Les autorités syriennes ont porté à plus de 1 600 le nombre de cas de choléra détectés depuis la déclaration d’une épidémie en septembre, dont l’épicentre se trouve dans la province septentrionale d’Alep, bien que l’on craigne que ce chiffre soit beaucoup plus élevé.
Le ministère syrien de la santé a déclaré que 1 609 cas ont été confirmés jusqu’à présent, dont 49 décès. Au total, 987 cas ont été détectés à Alep, la province la plus touchée, comme le rapporte l’agence de presse étatique syrienne SANA.
Les provinces les plus touchées sont ensuite Deir Ezzor (233), Lattaquié (97), Hasakah (90), Raqqa (54), Hama (38), Homs (28), Sueida (26), Damas (20), la campagne de Damas (17), Tartous (10), Daraa (5) et Quneitra (4).
Un total de 40 décès a été enregistré à Alep, tandis que Hasakah a confirmé quatre décès, deux à Deir Ezzor et un à Homs, Hama et Damas.
Les autorités syriennes ont lancé une campagne de vaccination la semaine dernière après avoir reçu deux millions de doses du vaccin.
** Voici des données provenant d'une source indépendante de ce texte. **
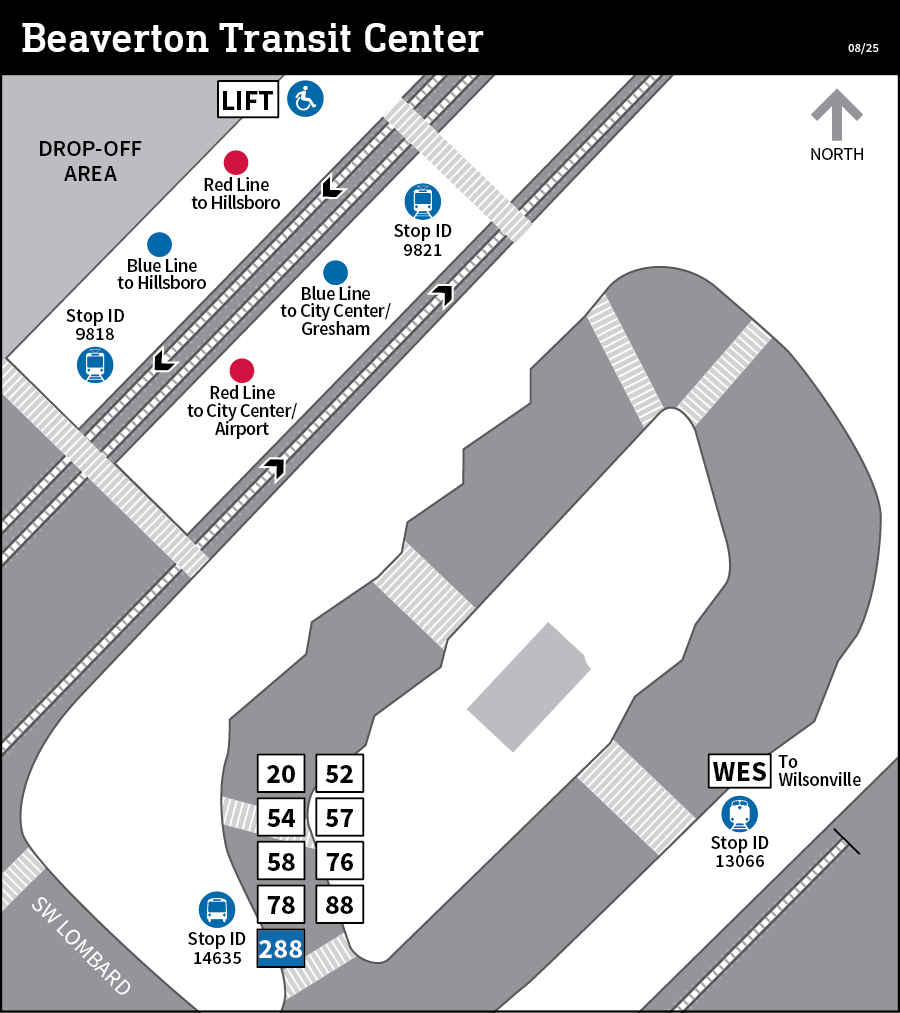 The transit center is north of SW Canyon on SW Lombard in Beaverton.
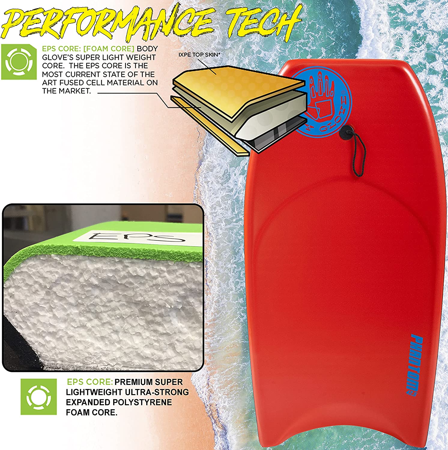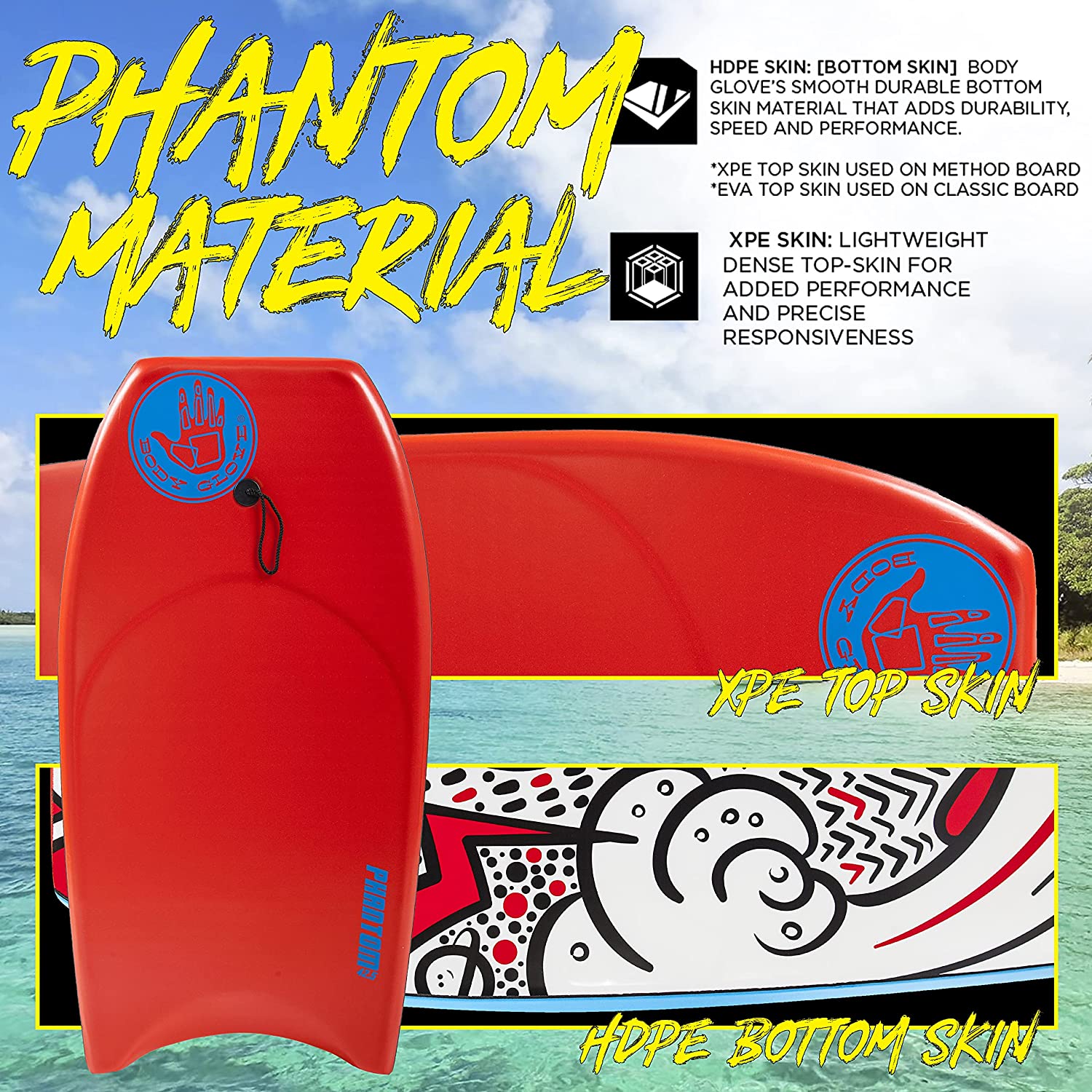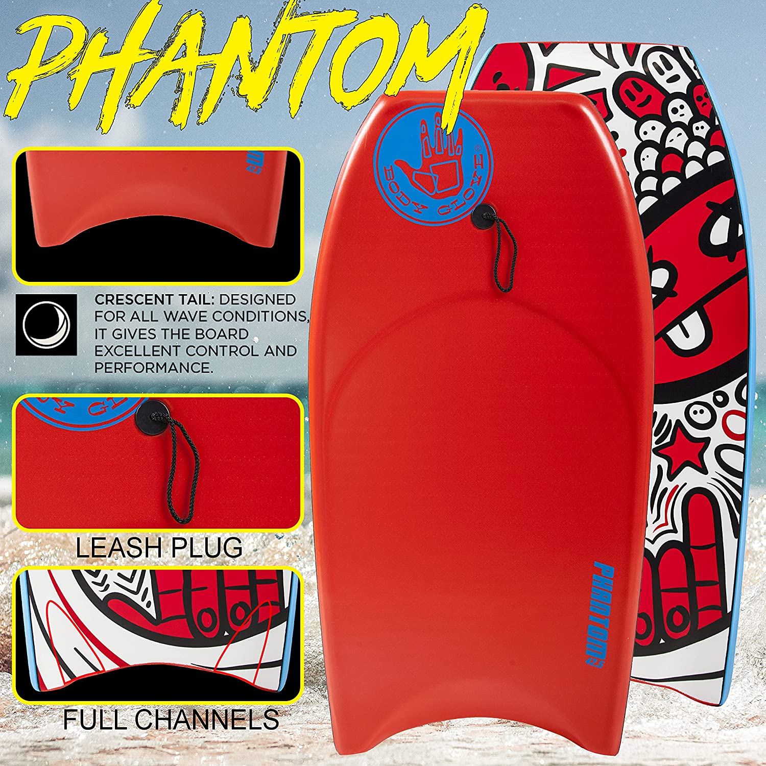 Body Glove Phantom 42.5 Inch Bodyboard - EPS Core. HDPE Slick. Crescent Tail. Graphic Slick. Includes Leash for Men. Women. Kids - Durable
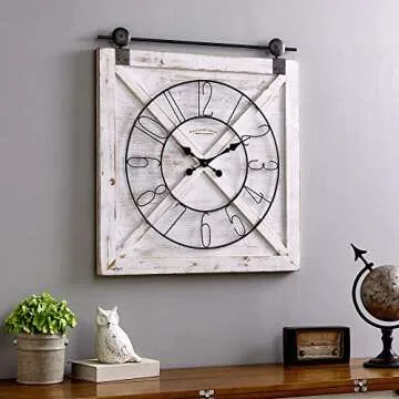 FirsTime & Co. White Farmstead Barn Door Wall Clock for Home Office, Kitchen, Living Room, Bedroom, Square, Wood and Metal, Farmhouse Decor, (27"W x 29"H inches)
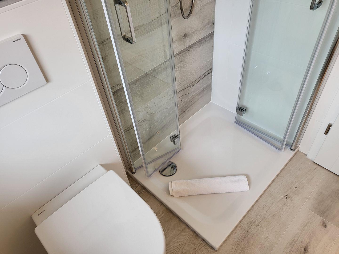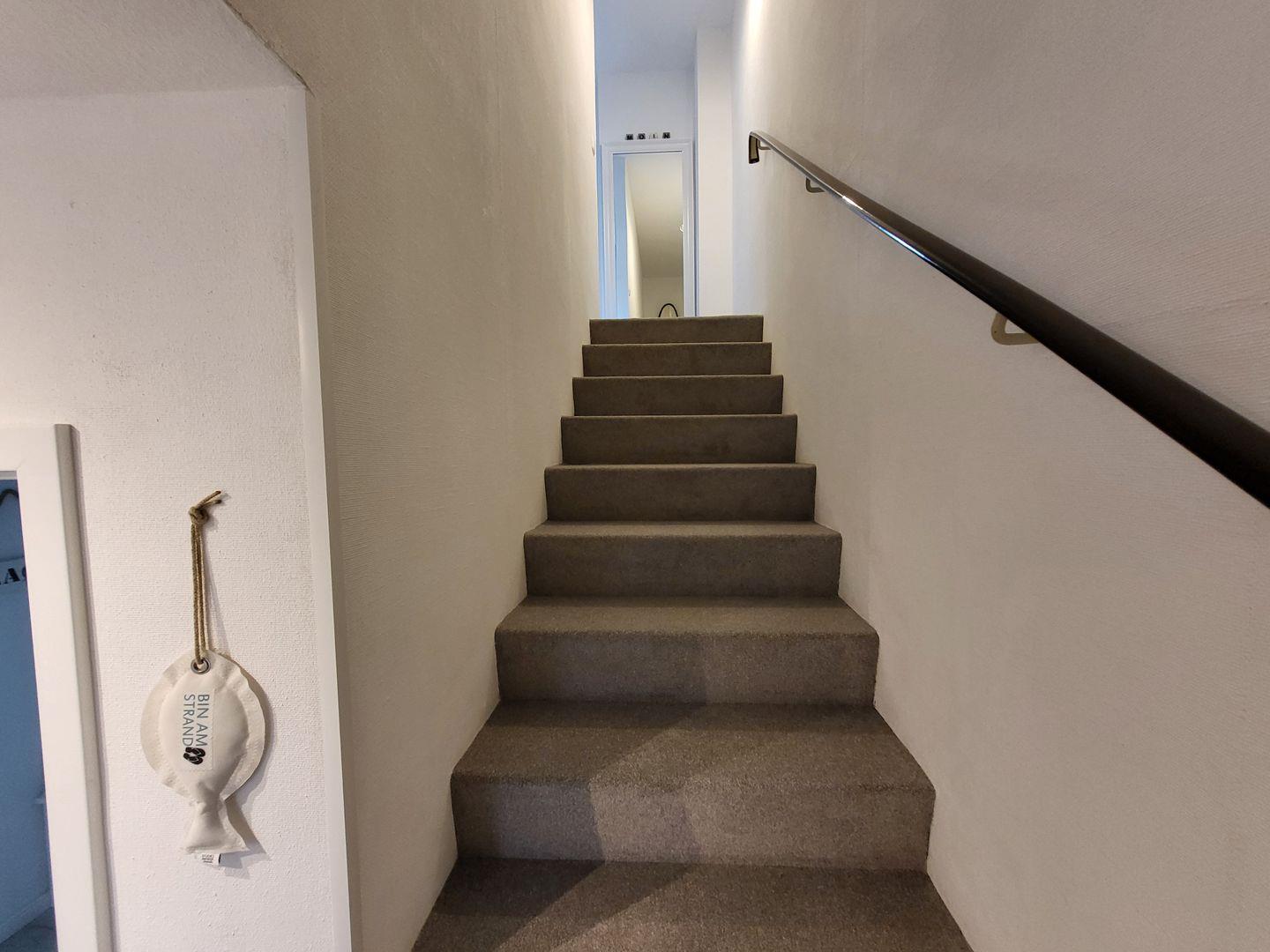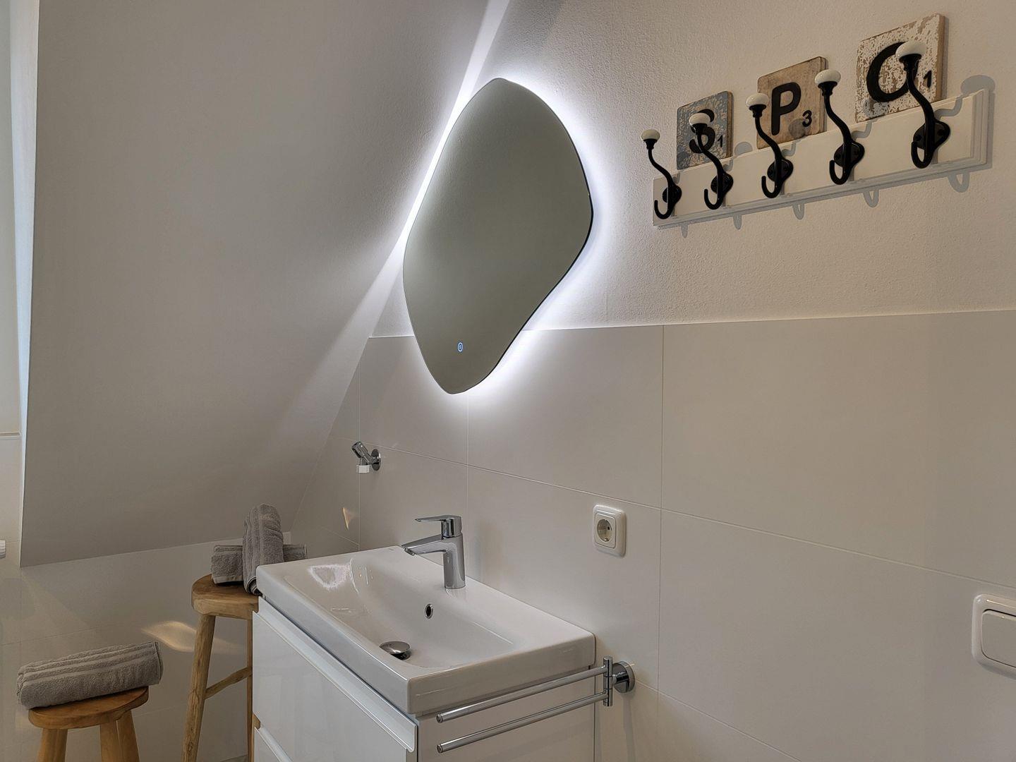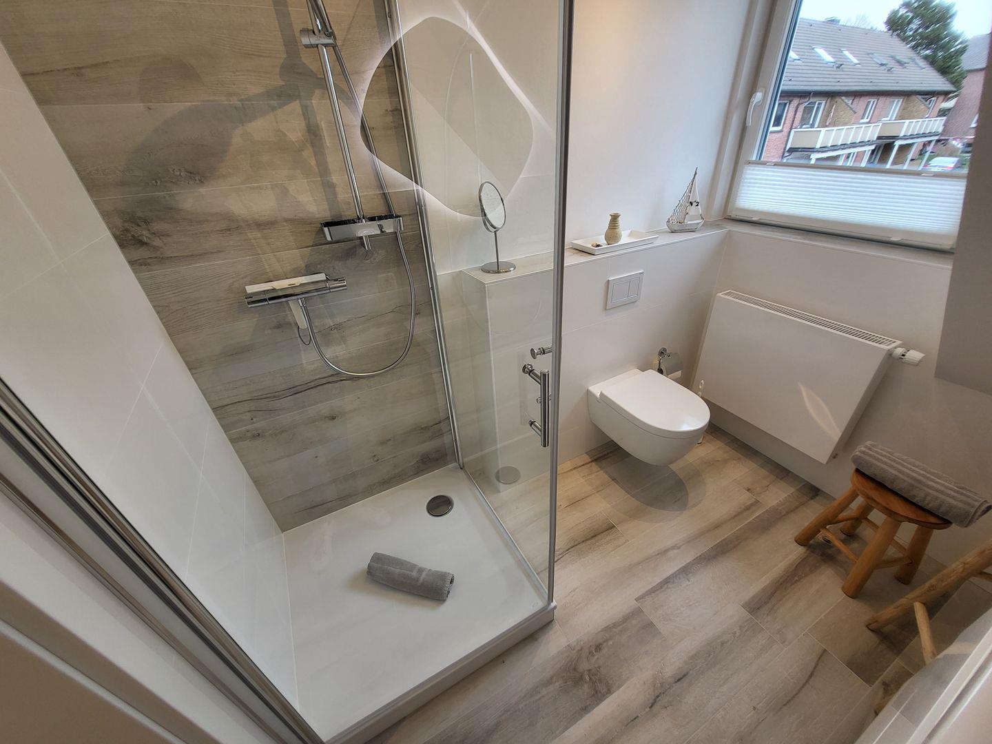 Im geräumigen Obergeschoss sind zwei Schlafzimmer eingerichtet. Eines ist ausgestattet mit großem 180x200cm Doppelbett, im zweiten stehen zwei Einzelbetten zur Verfügung. Ein weiteres Tageslichtbadezimmer mit Dusche, Waschbecken und WC ist ebenfalls auf der Etage.
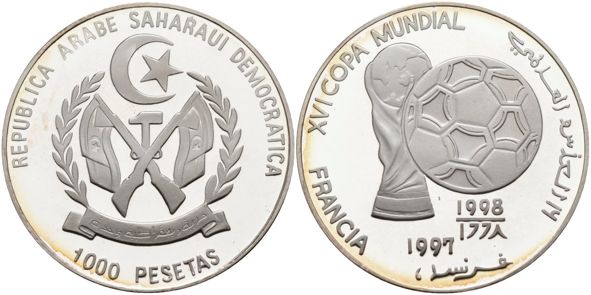 -Западная Сахара 1000 песет 1997 XVI чемпионат мира по футболу 1998 года во Франции KM 46 серебро PROOF 00-000-00ТунисЮАРАлжирСвазилендСейшельские островаСомалиСуданСьерра-ЛеонеТанзанияТогоУгандаФранцузская Западная АфрикаЦентрально-Африканские ШтатыЭкваториальная ГвинеяЭритреяЭфиопияСан-Томе и ПрисипиГвинея-БисауБенинБельгийское КонгоБерег слоновой костиМалиНигерОстров ВознесенияЧадДжибутиЦентральноафриканская Республика (ЦАР)ГабонМавританияСомалилендБуркина ФасоРодезияАнголаБотсванаБританская Западная АфрикаБурундиВосточная АфрикаГамбияГанаГвинеяЕгипетЗаир (Катанга)ЗамбияЗападно-Африканские ШтатыЗимбабвеКабо-ВердеКамерунКенияКоморские островаКонгоЛесотоЛиберияЛивияМаврикийМадагаскарМалавиМароккоМозамбикНамибияНигерияОстров Святой ЕленыРуандаДругие страны
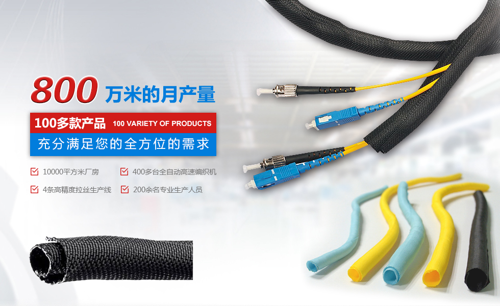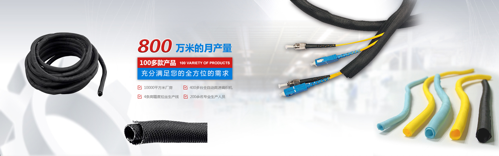 自主設(shè)計、研發(fā)、規(guī)?;笮蜕a(chǎn)企業(yè) 擁有廠房10000平米,400多臺全自動。高速編織機四條高精度紡絲生產(chǎn)線,員工200余人,月產(chǎn)量800萬米,中國最大絕緣保護套管生產(chǎn)企業(yè)之一。
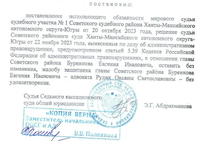 Глава Советского района ХМАО Евгений Буренков решил пройти все инстанции в судебном споре с журналистами. Отказавшись давать интервью местному порталу «2города», он попал в бесконечные тяжбы, пытаясь оспорить решение мирового судьи о штрафе за формальный ответ. Проиграв кассацию в Челябинске, глава района сообщил URA.RU, что намерен обратиться в Верховный суд РФ.
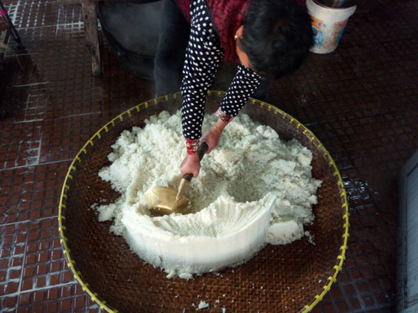 第三步:拌入酒曲,這時候才發(fā)現(xiàn)了“木桶”的神奇之處:一頭空,另一頭也是空,只不過用鋼筋做了個柵欄。之前蒸米飯,老徐是墊上了蒲草,一方面讓糯米飯更易熟,另一方面也增加了糯米飯的清香氣息。把糯米飯倒入蠶匾中,邊翻動糯米飯邊撒上酒曲,使酒曲與糯米飯充分拌勻。

La campagne vise principalement les populations vulnérables des provinces les plus touchées par l’épidémie : Alep, Deir Ezzor, Hasakah et Raqqa.
Le représentant de l’Organisation mondiale de la santé (OMS) en Syrie, Iman Shankiti, a déclaré avant le lancement de la campagne que «le choléra est une menace pour la santé publique qui affecte la santé des populations et impose des coûts substantiels aux systèmes de santé publique».
Le choléra est une maladie diarrhéique aiguë causée par l’ingestion d’aliments ou d’eau contaminés par le «bacille vibrio cholerae», indique l’OMS sur son site web, où elle souligne que «le choléra reste une menace mondiale pour la santé publique et un indicateur d’inégalité et de manque de développement social».